---- Supplied material
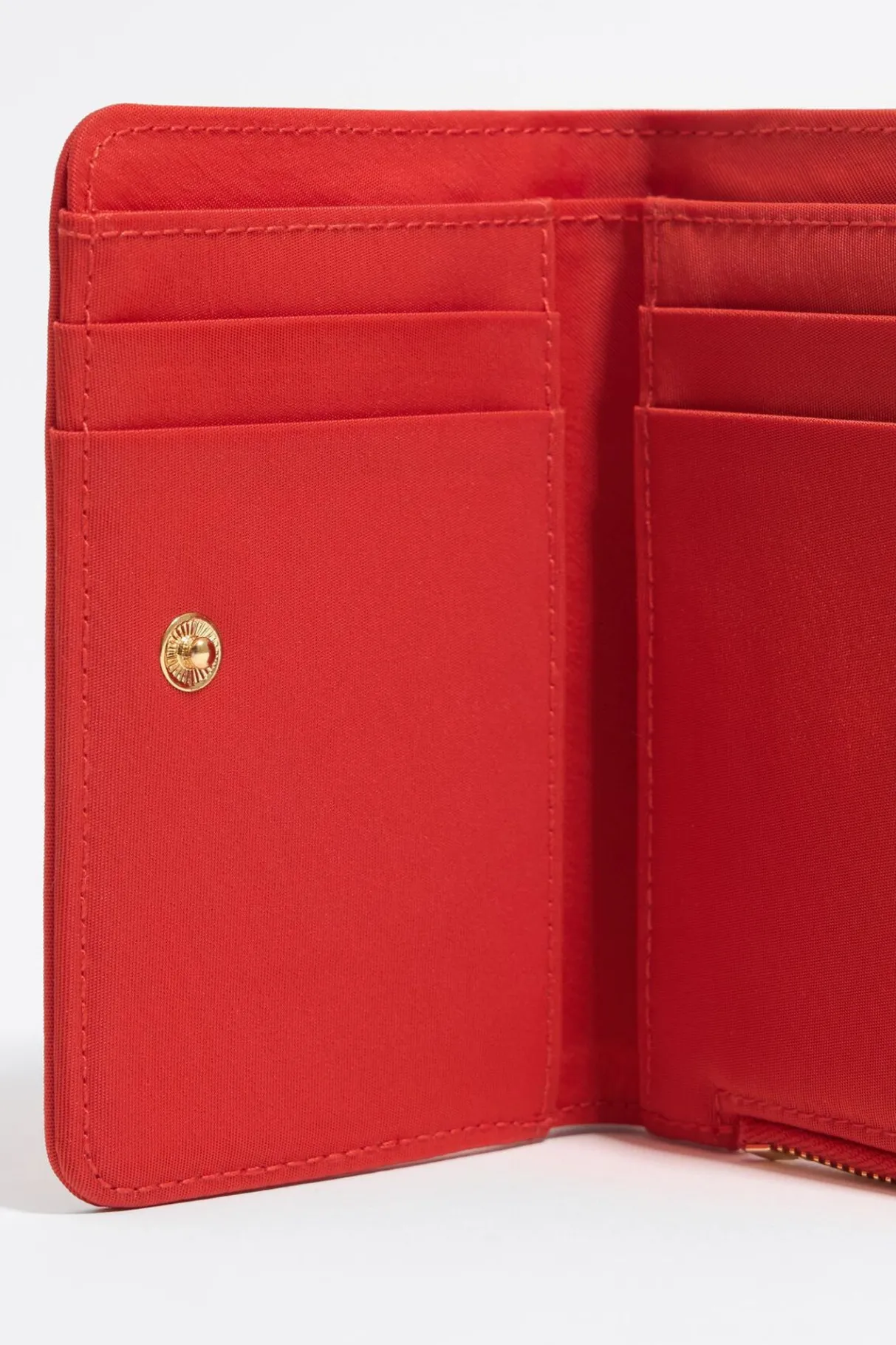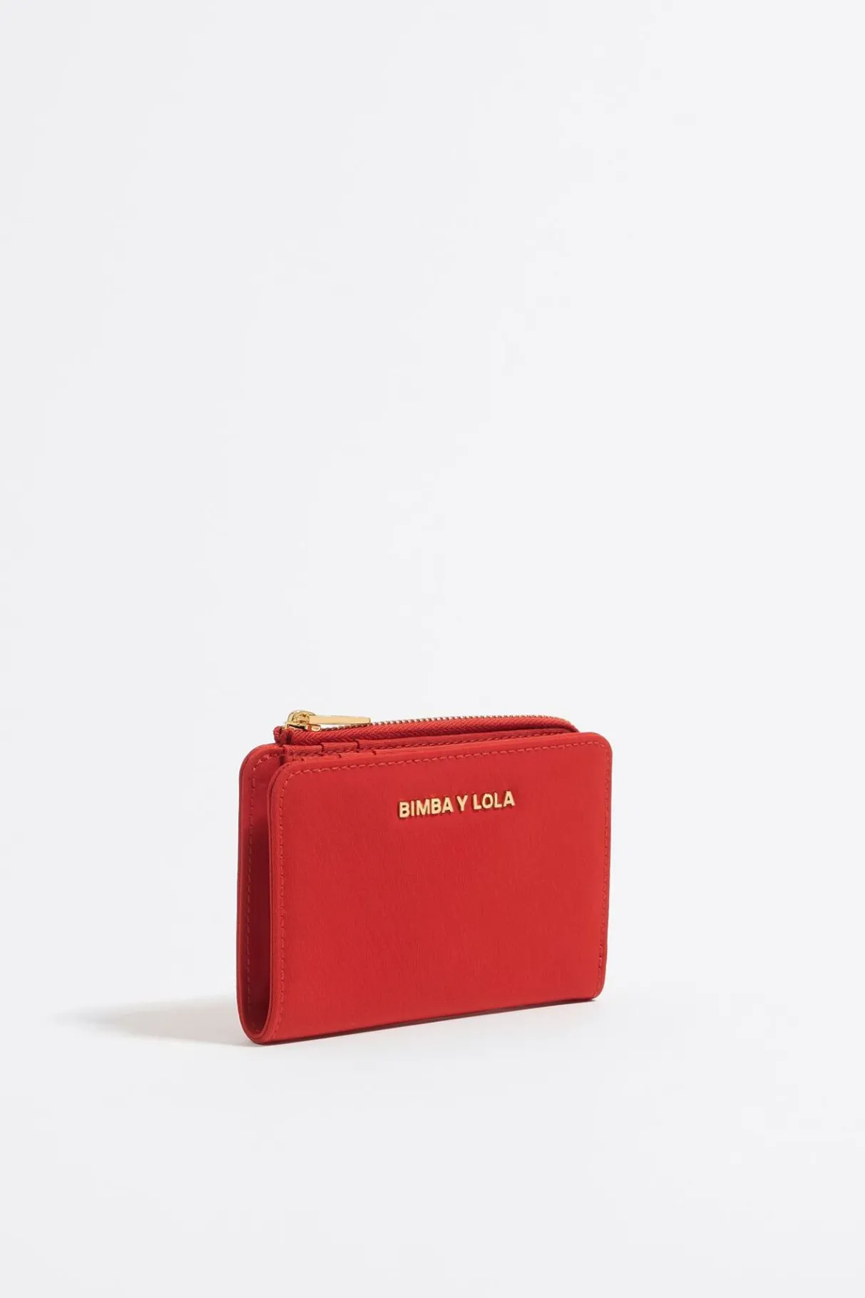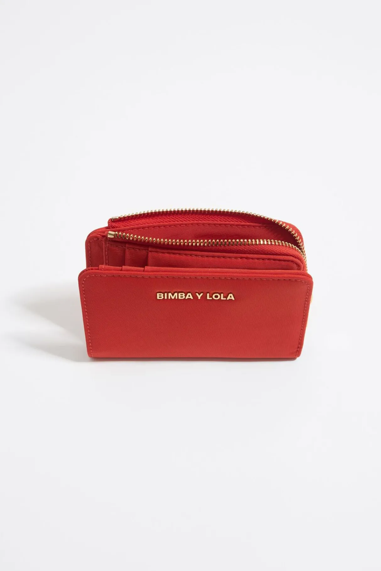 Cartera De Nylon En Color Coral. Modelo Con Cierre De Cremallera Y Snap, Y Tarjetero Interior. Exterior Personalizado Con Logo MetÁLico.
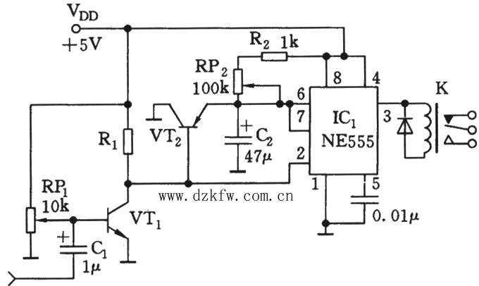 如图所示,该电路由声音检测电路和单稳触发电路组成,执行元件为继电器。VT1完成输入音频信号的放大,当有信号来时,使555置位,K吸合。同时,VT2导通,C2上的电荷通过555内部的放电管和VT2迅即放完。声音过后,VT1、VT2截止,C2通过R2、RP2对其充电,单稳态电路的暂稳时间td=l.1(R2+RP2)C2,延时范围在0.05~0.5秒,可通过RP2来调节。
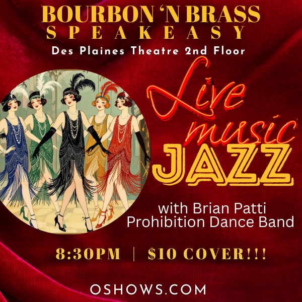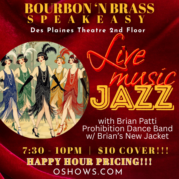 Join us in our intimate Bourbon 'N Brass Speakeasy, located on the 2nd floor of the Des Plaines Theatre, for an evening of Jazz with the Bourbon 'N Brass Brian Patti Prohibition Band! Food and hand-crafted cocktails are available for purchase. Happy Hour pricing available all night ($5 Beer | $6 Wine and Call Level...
--------
▸ What this task involves: Restate the data above verbatim, skipping every image.

▸ Response below:
 Cartera De Nylon En Color Coral. Modelo Con Cierre De Cremallera Y Snap, Y Tarjetero Interior. Exterior Personalizado Con Logo MetÁLico.
 如图所示,该电路由声音检测电路和单稳触发电路组成,执行元件为继电器。VT1完成输入音频信号的放大,当有信号来时,使555置位,K吸合。同时,VT2导通,C2上的电荷通过555内部的放电管和VT2迅即放完。声音过后,VT1、VT2截止,C2通过R2、RP2对其充电,单稳态电路的暂稳时间td=l.1(R2+RP2)C2,延时范围在0.05~0.5秒,可通过RP2来调节。
 Join us in our intimate Bourbon 'N Brass Speakeasy, located on the 2nd floor of the Des Plaines Theatre, for an evening of Jazz with the Bourbon 'N Brass Brian Patti Prohibition Band! Food and hand-crafted cocktails are available for purchase. Happy Hour pricing available all night ($5 Beer | $6 Wine and Call Level...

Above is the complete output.